**Your assignment**
Starting at the line that contains "產(chǎn)品簡介:普旺新" and stopping at the line that contains "Aラインシルエットのロングス", restate each line of the records below exactly. Omit the pictures.

**Exercise material**
=== Section Start ===

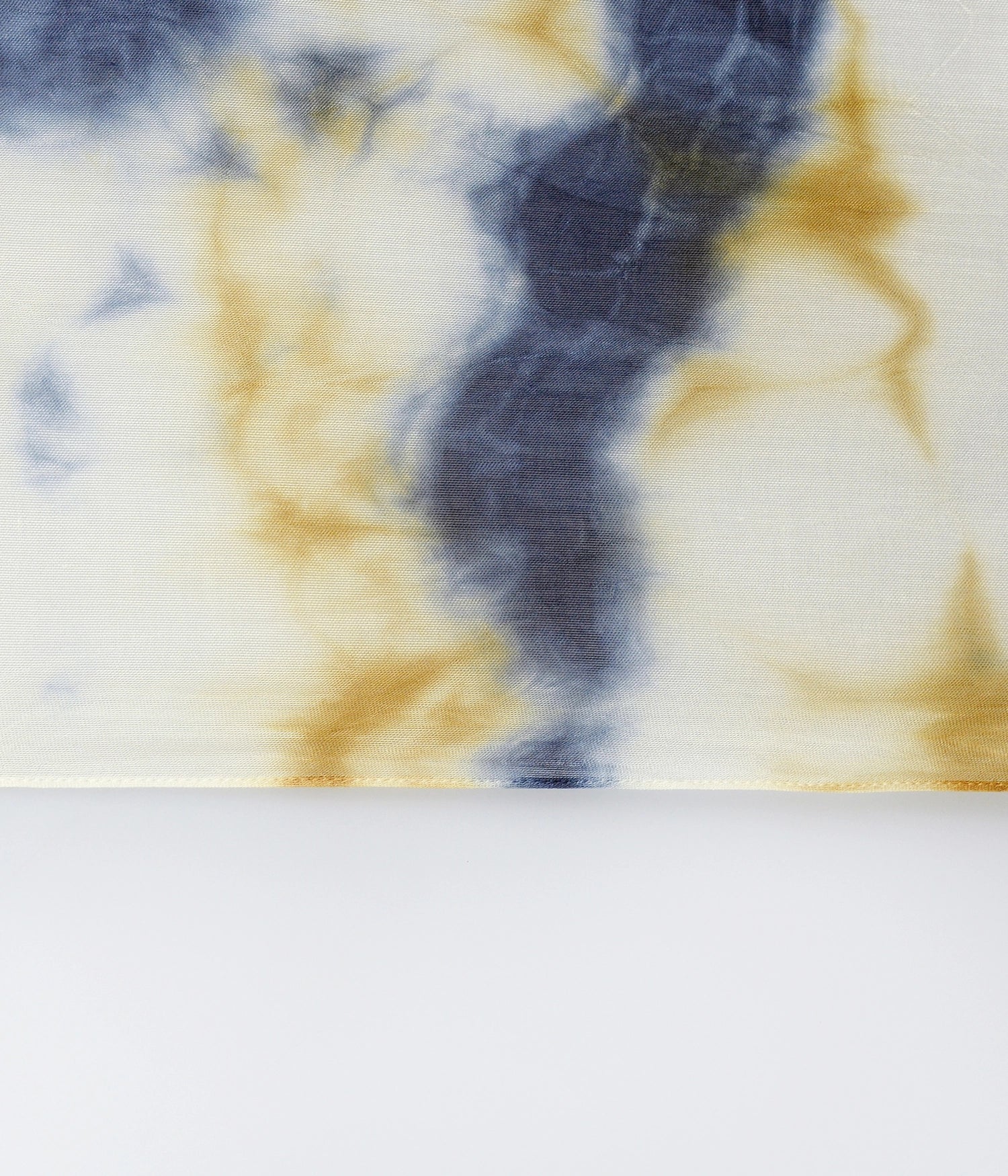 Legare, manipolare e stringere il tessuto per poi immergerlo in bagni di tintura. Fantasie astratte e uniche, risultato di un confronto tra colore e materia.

=== Section End ===
=== Section Start ===

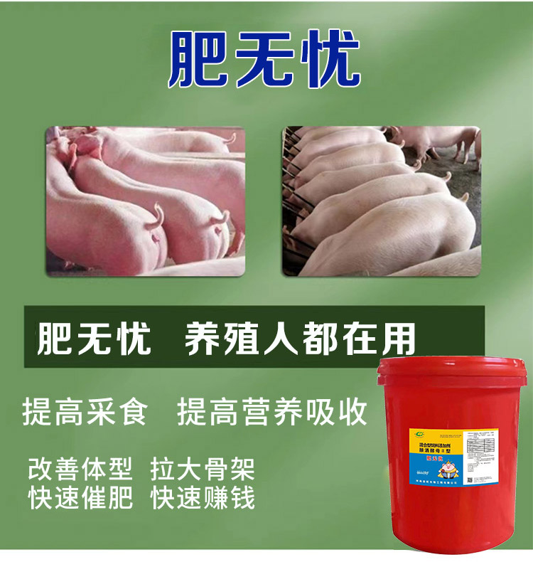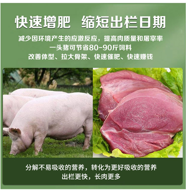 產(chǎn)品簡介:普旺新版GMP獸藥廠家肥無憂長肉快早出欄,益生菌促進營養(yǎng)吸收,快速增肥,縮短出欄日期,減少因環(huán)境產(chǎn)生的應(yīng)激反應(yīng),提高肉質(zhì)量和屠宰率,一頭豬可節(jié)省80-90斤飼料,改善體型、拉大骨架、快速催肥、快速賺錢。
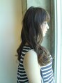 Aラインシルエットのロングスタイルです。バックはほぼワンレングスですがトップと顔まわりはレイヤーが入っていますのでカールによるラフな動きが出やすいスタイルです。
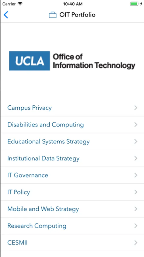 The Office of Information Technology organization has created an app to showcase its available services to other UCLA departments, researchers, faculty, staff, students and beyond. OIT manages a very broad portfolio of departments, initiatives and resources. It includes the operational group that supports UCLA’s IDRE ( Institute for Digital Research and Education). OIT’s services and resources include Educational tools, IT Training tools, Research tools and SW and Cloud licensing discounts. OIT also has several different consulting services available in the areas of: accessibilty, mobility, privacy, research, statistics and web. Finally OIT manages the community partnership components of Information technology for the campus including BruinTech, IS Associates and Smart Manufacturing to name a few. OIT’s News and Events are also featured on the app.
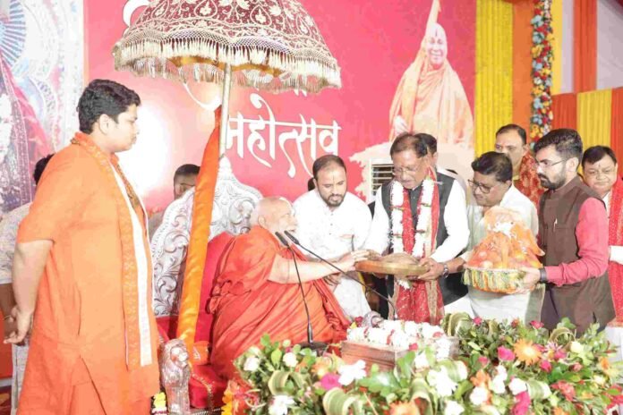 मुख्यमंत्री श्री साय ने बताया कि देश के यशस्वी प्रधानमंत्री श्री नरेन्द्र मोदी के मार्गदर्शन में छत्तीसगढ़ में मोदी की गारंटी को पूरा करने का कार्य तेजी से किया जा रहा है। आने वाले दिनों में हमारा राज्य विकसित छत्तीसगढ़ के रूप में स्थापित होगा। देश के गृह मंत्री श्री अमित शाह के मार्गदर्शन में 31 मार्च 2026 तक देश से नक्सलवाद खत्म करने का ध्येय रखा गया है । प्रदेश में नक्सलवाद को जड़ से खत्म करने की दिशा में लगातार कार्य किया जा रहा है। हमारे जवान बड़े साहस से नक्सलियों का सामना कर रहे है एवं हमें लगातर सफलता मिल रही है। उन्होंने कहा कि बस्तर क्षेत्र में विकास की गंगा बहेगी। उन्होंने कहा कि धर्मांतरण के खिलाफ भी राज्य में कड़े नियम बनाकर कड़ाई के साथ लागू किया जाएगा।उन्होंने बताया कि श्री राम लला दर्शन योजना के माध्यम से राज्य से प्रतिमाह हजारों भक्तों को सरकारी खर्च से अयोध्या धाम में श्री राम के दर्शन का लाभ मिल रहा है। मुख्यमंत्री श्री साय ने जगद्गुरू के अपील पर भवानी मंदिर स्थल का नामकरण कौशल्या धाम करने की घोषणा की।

=== Section End ===
=== Section Start ===

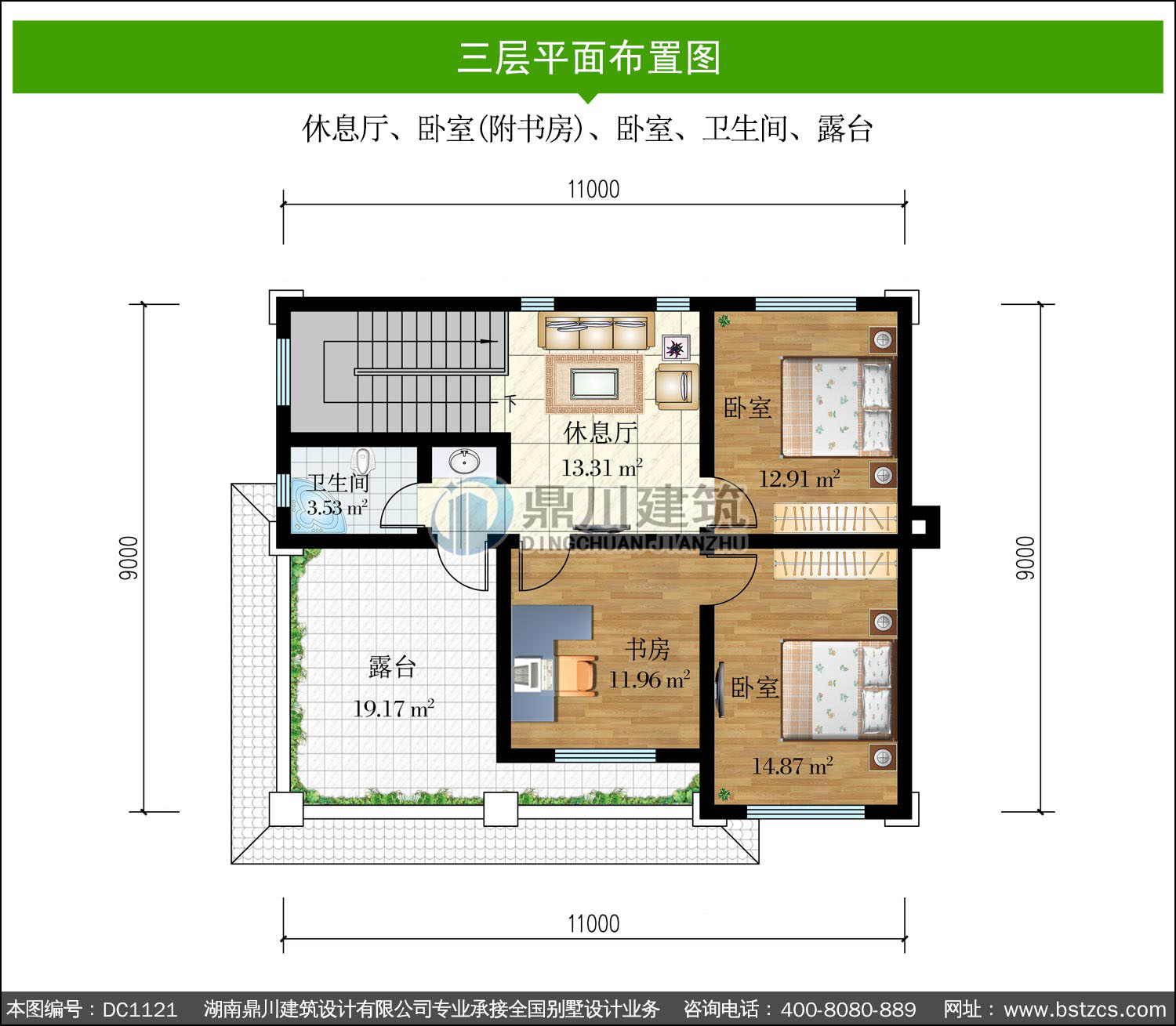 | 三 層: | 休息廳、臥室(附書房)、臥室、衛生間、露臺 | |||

=== Section End ===

**Your response**
 產(chǎn)品簡介:普旺新版GMP獸藥廠家肥無憂長肉快早出欄,益生菌促進營養(yǎng)吸收,快速增肥,縮短出欄日期,減少因環(huán)境產(chǎn)生的應(yīng)激反應(yīng),提高肉質(zhì)量和屠宰率,一頭豬可節(jié)省80-90斤飼料,改善體型、拉大骨架、快速催肥、快速賺錢。
 Aラインシルエットのロングスタイルです。バックはほぼワンレングスですがトップと顔まわりはレイヤーが入っていますのでカールによるラフな動きが出やすいスタイルです。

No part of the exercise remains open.